Lightgliders aims to inspire hope and purpose through fun and games
Zach Fay and his sister Julie McWilliams are the startup founders of Kingdom Scene, which launched Lightgliders in 2014. Their idea was to utilize digital games and activities as a way to engage kids and impart biblical principles. The St. Louis-based company has created a digital game world and online community for kids that is…
Zach Fay and his sister Julie McWilliams are the startup founders of Kingdom Scene, which launched Lightgliders in 2014. Their idea was to utilize digital games and activities as a way to engage kids and impart biblical principles.
The St. Louis-based company has created a digital game world and online community for kids that is designed to inspire reflection and transformative conversations among kids and those who care about them. Mr. Fay said that his sister was instrumental in encouraging him to pioneer this idea in St. Louis.
Silicon Prairie News spoke with Zach Fay about why and how he created Lightgliders, and what’s on the horizon for the company.
“When I had the initial idea for the company, I was just a guy with a back-of-the-napkin idea,” said Fay. “We’ve pivoted a few times since then to bring us where we are today, with a cross-platform product that kids enjoy and parents appreciate.”
Inspiration for Fay’s idea came from when he was a youth pastor working with high school kids. He said he spent a lot of time putting out fires rather than developing leaders.
“I did some research on the critical years in child development, and found that the years before age 13 are the most important,” said Fay. “One’s sense of truth, morality, and identity is firmly in place by age 13. I decided I wanted to develop a product that would engage children during these formative years, and give the adults who are invested in them emotionally, relationally, and spiritually tools to engage their kids’ minds and hearts. Lightgliders provides a positive digital alternative for kids that can be used by families to spark meaningful conversations. And, in these conversations seeds of hope and truth are planted that can transform a child’s life.”
Fay said that when the team first started Lightgliders, their goal was to create a brand universe that resonated with kids and a virtual world gaming experience that would be fun for them.

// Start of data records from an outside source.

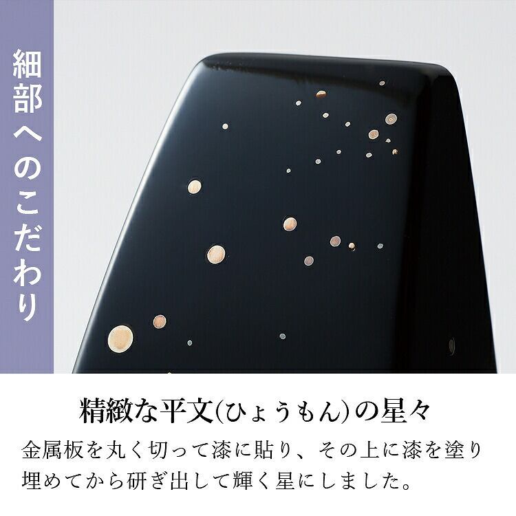 輪島塗のおしゃれなモダン位牌です。蒔絵師の木谷陽子氏が静かな夜も見守ってくれる満点の星を描きました。お一人様の名入れ書き文字代込み。
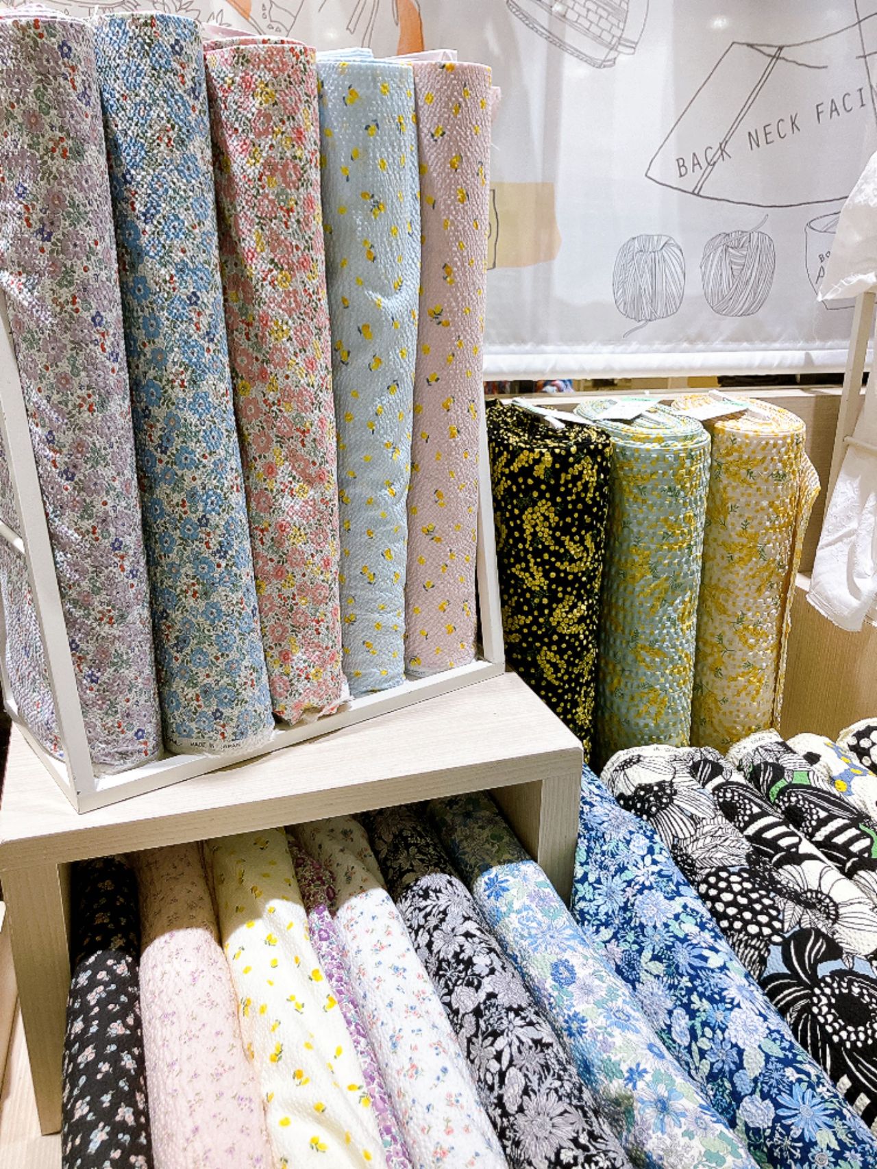 ローン、レース生地、リップルやサッカーの涼しい着心地のお洋服作りにぴったりの生地がたくさん入荷しています。
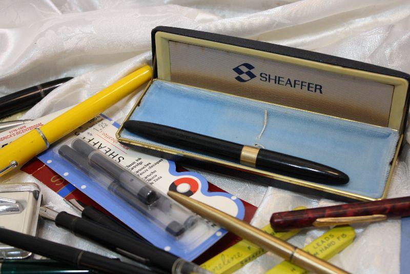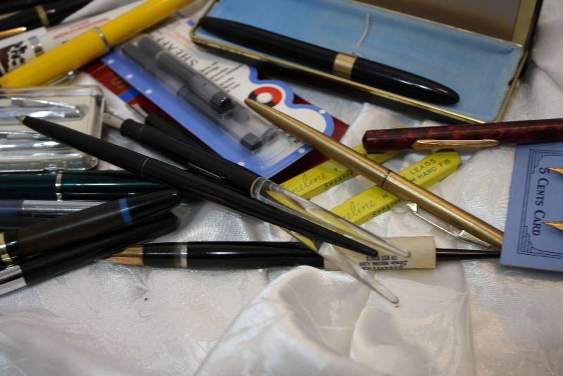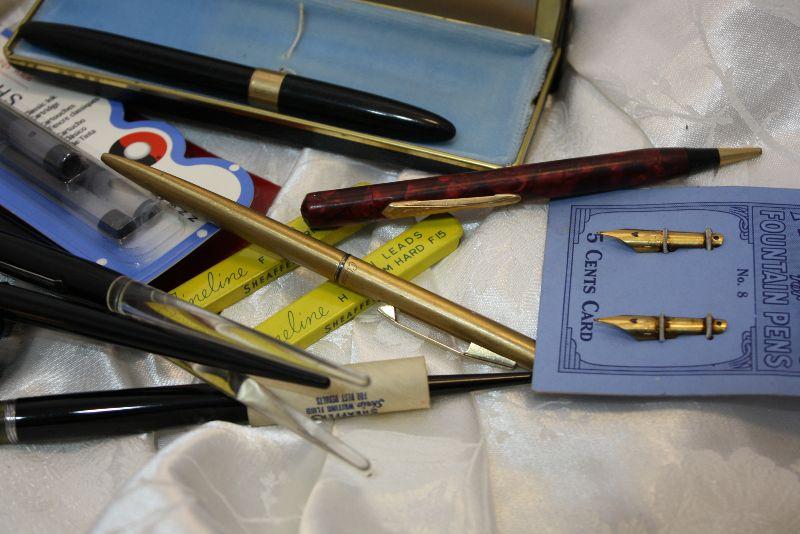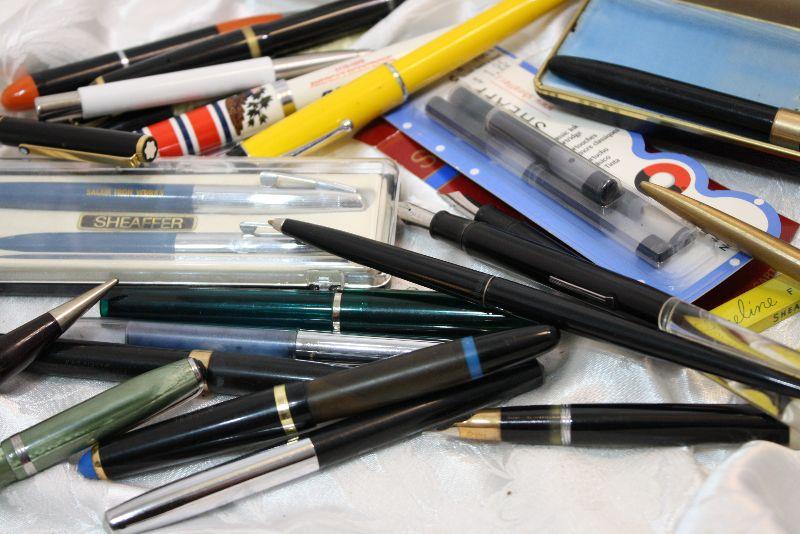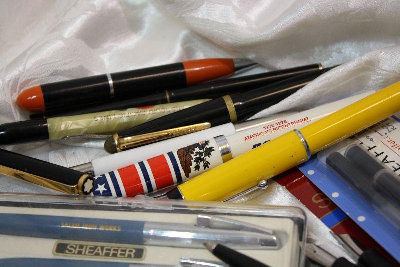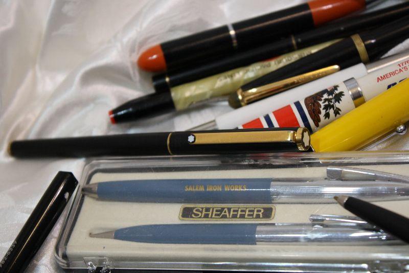 Vintage pen lot, Sheaffer, Estebrook, MontBlanc, advertising, 14k nib
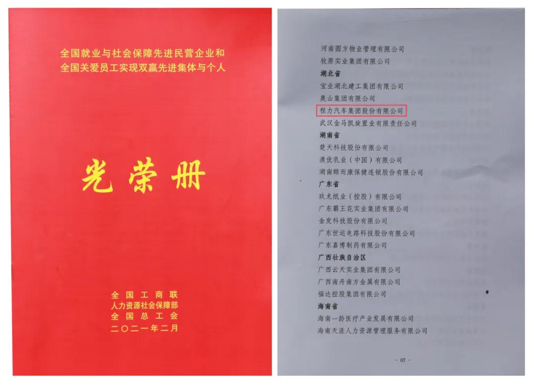 3月2日,程力汽车集团股份有限公司收到国家人力资源和社会保障部、中华全国工商业联合会、中华全国总工会联合颁发的“全国就业与社会保障先进民营企业”荣誉证书及牌匾,这是程力汽车集团股份有限公司在2021年初被授予的开门红全国性殊荣,也是程力集团继2020年连续三次受到全国性荣誉表彰。
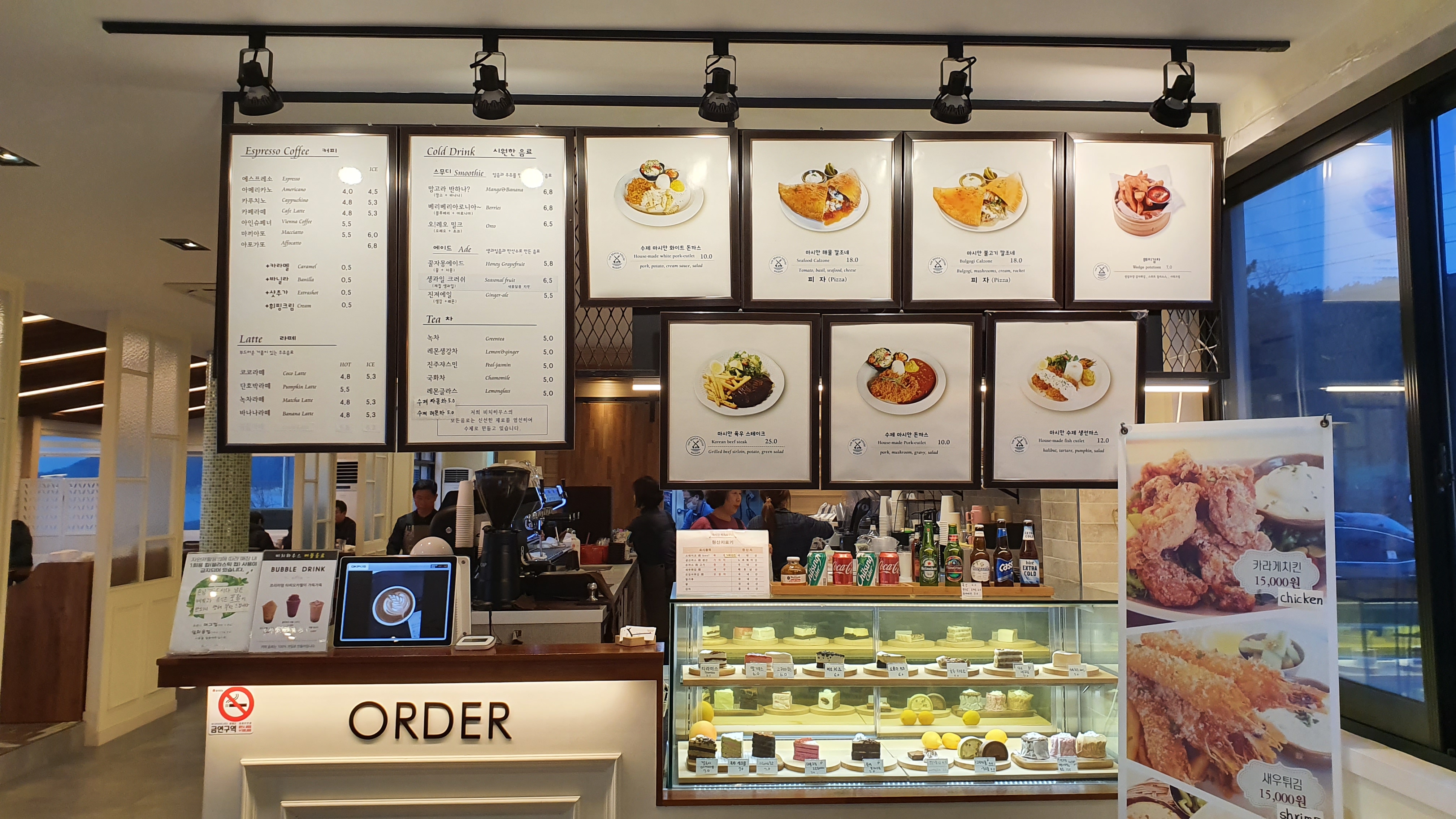 커피, 라떼, 시원한 음료, 차, 수제돈까스, 피자 등 다양하게 준비되어 있네요. 울 일행은 아인슈페너(5.5k), 아이스 카페라떼(5.3k)를 주문했습니다. 참고로 이곳의 돈까스 맛도 범상치 않다고 하는데요. 인근에 있는 해물칼국수에 밀렸답니다.
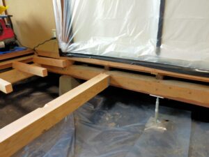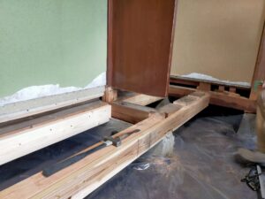 後日、畳を上げて、被害にあっている大引、根太を撤去し、床下に土間シートを敷き、断熱材もなかったので、床下断熱をし、
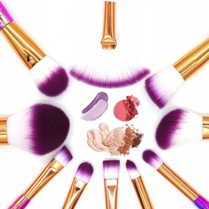 Zestaw 10 pędzli z włosia syntetycznego, z drewnianym trzonkiem, osadzone w pięknej skuwce to podstawa perfekcyjnego makijażu. Dzięki syntetycznemu włosiu, który jest gładki w przeciwieństwie do włosia naturalnego, pędzle te nie zatrzymują na sobie produktów kosmetycznych powodując ich mniejsze zużycie. Dodatkowo włosie takie jest łatwiejsze w utrzymaniu czystości (można je myć mydłem pod bieżącą wodą) i mniej podatne na odkształcenia.
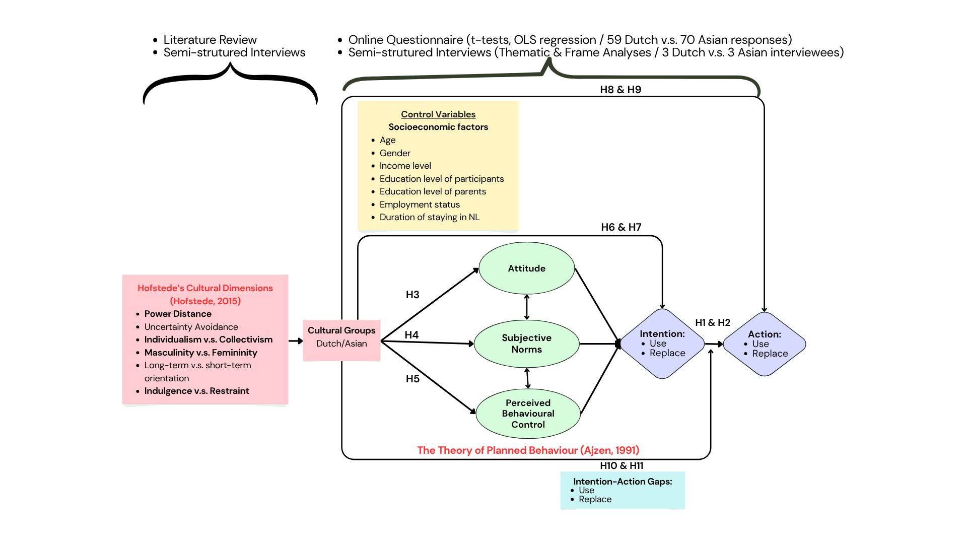 Applied the Theory of Planned Behaviour (TPB) to model psychological drivers (Attitudes, Subjective Norms, PBC) and Hofstede’s Cultural Dimensions to assess cultural influences.
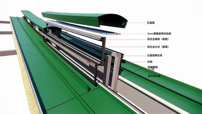 校园中堂采用一体化屋面技术,为建筑屋面提供采光、遮荫和通风引导。为实现协和传统琉璃绿色屋顶之美,我们采用京西琉璃渠具有工法美感的琉璃瓦片,结合尺寸模数相同的节能幕墙工艺,形成传统工艺与高科技相交织的复合调性。
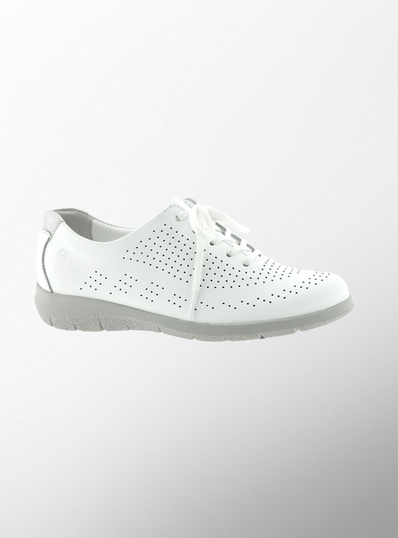 • Women’s orthopedic shoes in a clean design, classic white color, with perforated genuine leather and laces

“We asked––can we create a multiplayer computer game that is fun and also encourage faith, character, and conversations?” said Fay. “We conducted focus groups and beta-tested the first iteration of Lightgliders with thousands of kids. I was trying to identify a culturally relevant and globally distributed way to encourage meaningful conversations among kids before their teenage years. Despite our minimal development expertise, we were able to conduct the necessary research to inform product development; once we clarified the plan on what and how to build the platform, we hit the ground running.”
Fay said they felt good about what they created because they saw that kids loved it, and parents resonated with the value proposition.
“We saw the market changing around us as kids were moving to mobile devices, so we began to pivot in 2016,” said Fay. “This resulted in Lightgliders becoming a cross-platform product with an app in the iOS and Google Play stores in addition to the web-based experience.”
What does the future hold for Lightgliders?
“Our three top goals on the horizon are to continue to add more immersive and community gameplay to our mobile experience, to optimize marketing channels, and to become a transmedia brand,” said Fay. “Our vision is for Lightgliders to transcend the game world and to leverage its characters and story-based adventures into books, toys, and perhaps a television show. We have a Lightgliders afterschool program in St. Louis, and we envision more of those as well.”
Fay also added, “Ultimately our mission is to engage kids and provide wholesome gaming content that parents can feel good about. We know from our research that parents want to have options in the digital age. Parents tell us they love Lightgliders, not only because it is ad free, but also because it provides content for meaningful conversations with their children.”
Kids using the Lightgliders computer game or app get to create a character, play games, watch videos, carry out missions, and engage with new content lessons each week. Parents can use the digital platform as a tool to spark great conversations on the way to school, at the dinner table, or before bed. Parents are sent the weekly lessons and conversation starters to spark good discussions with their kids.
“Lightgliders is a fun way to engage kids, tell stories, and ask thought-provoking questions. And with Lightgliders, kids get to enter into the stories, become one of the characters, and learn how they were ‘made to shine,’” said Fay.